This was a simple dish using just a few ingredients and take a little extra time to present it in a "fancy" way.   This is what summer eating should be about, less time in the kitchen and more time outside with friends and family.  I served this recipe for dinner guests late this summer as tomatoes were still in full swing and melons become ripen.  The garden had some amazing varieties of heirloom tomatoes that I normally wait until they are just ready to pick.  Tomatoes really only need salt and olive oil when they are that fresh.  Melon and tomatoes are a perfect combination that go together seamlessly with little added flavors to compliment one another.  In this case basil, olive oil, a really good aged vinegar and salt.  Here is the recipe I hope you enjoy it.
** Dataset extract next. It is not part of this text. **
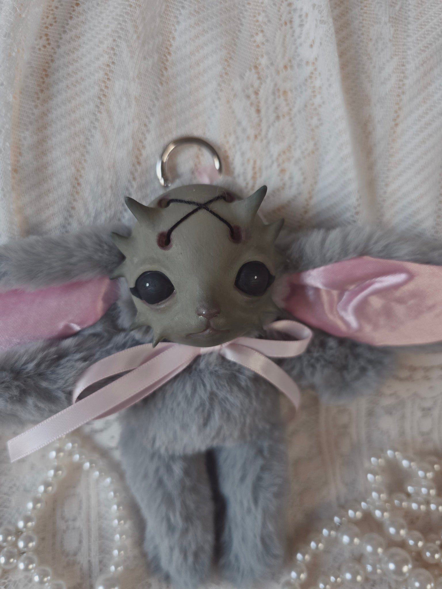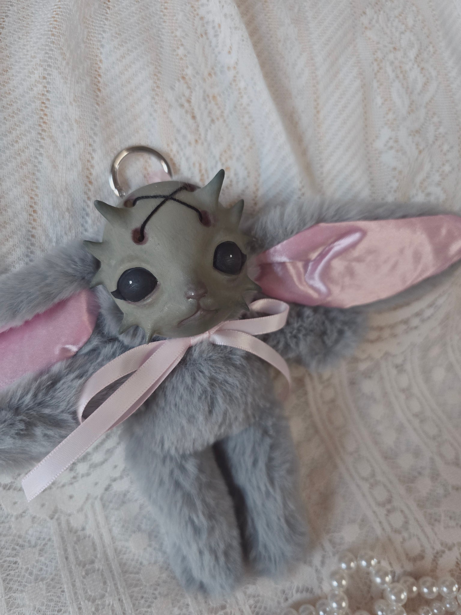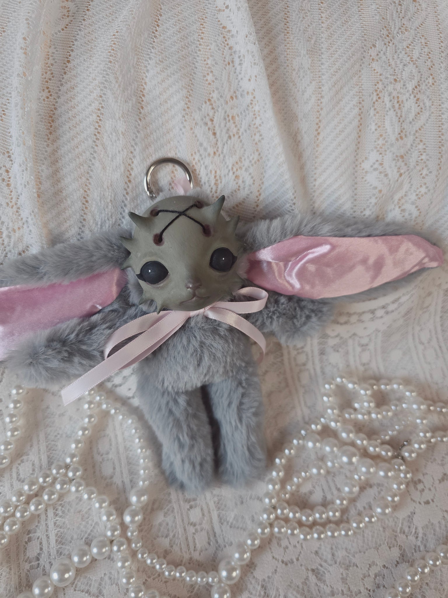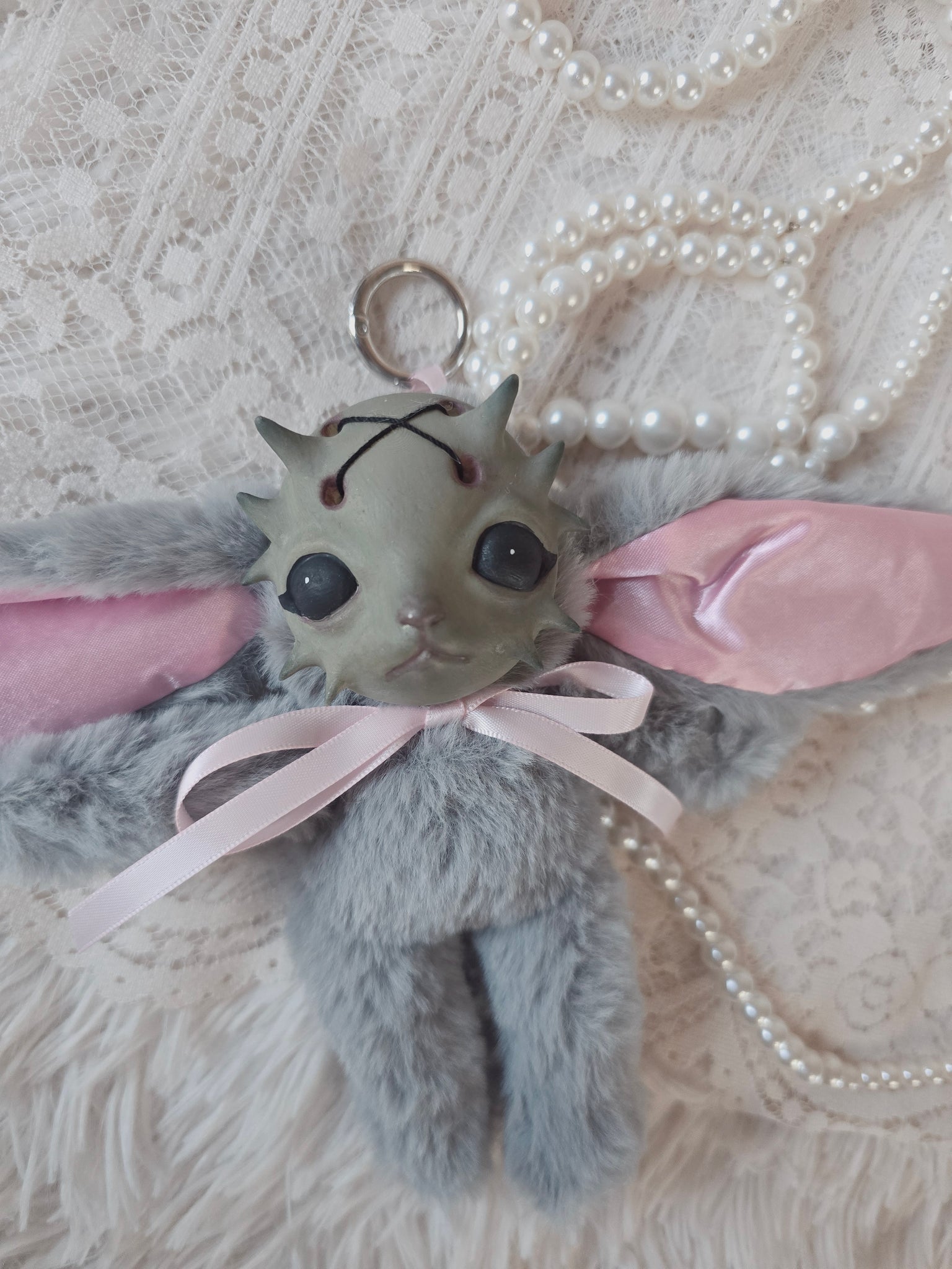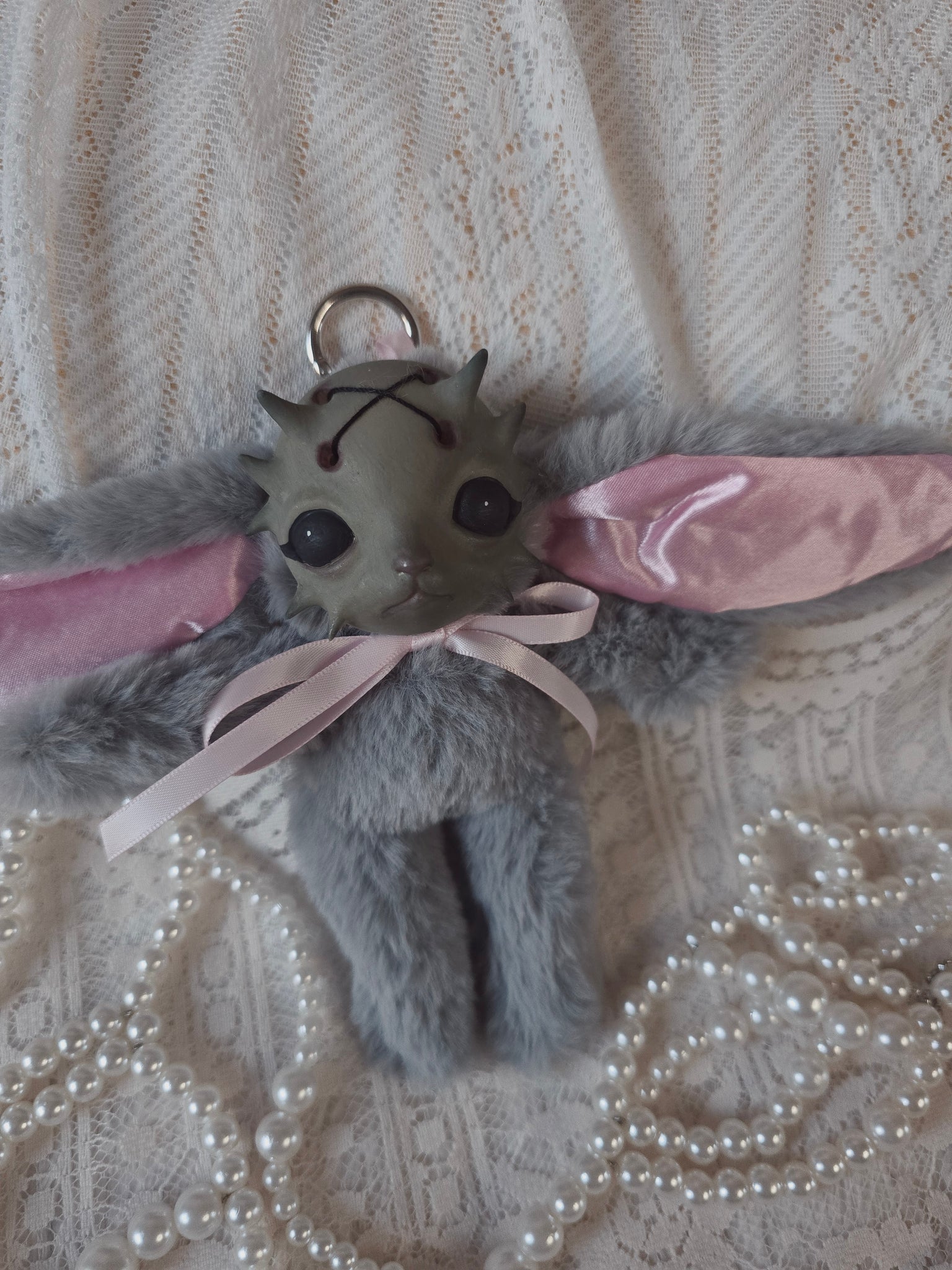 Fluffy Grey Dust Bunni 'Meep' bag charm โ™ก

Galia melon sliced 1/8 inch thick  (Mold)
4 large heirloom tomatoes 1/8 inch thick
Blis aged Solera sherry vinegar (here)
Olive oil

1 oz of sunflower sprouts
3 tbsp of sunflower seeds
3 tbsp of fresh basil leaves
Olive oil

For the Terrine,

You will need a square pastry mold  or something similar to have the shape of the terrine.  I peeled and cut the melon into slices and then used the mold to cut perfect squares.  I continued until the majority of the melon was cut into squares (Set the scraps of the melon aside to eat later or maybe use in a gazpacho for another recipe).  Repeat the same process for the tomatoes insuring that you use only the center cuts of the tomatoes and not the skin.  Once you have the perfect squares of each melon and tomatoes, alternate melon and tomatoes inside your pastry mold until you reach the top.  Then carefully holding on the top remove the mold.  I then carefully wrapped them in plastic wrap somewhat tight and placed them in the refrigerator until I was ready to serve later that evening. Repeat the same process until you have 5 terrines.  You should have something that looks like this picture.

tomato .jpg


To Finish,

Simply take all the ingredients for the salad and place them in a bowl.  Drizzle lightly with olive oil and salt and set aside.  Take the terrine out of the refrigerator and slice the terrine in half right down the middle keep the plastic wrap on to help keep the shape (continue with the others).  Then after the terrine is cut place each half on a plate carefully removing the plastic wrap (should have enough for 10 servings).  Drizzle the top with olive oil and salt.  Place the salad next to it.  Then add some of the age blis solera vinegar to finish the dish.  Serve and enjoy!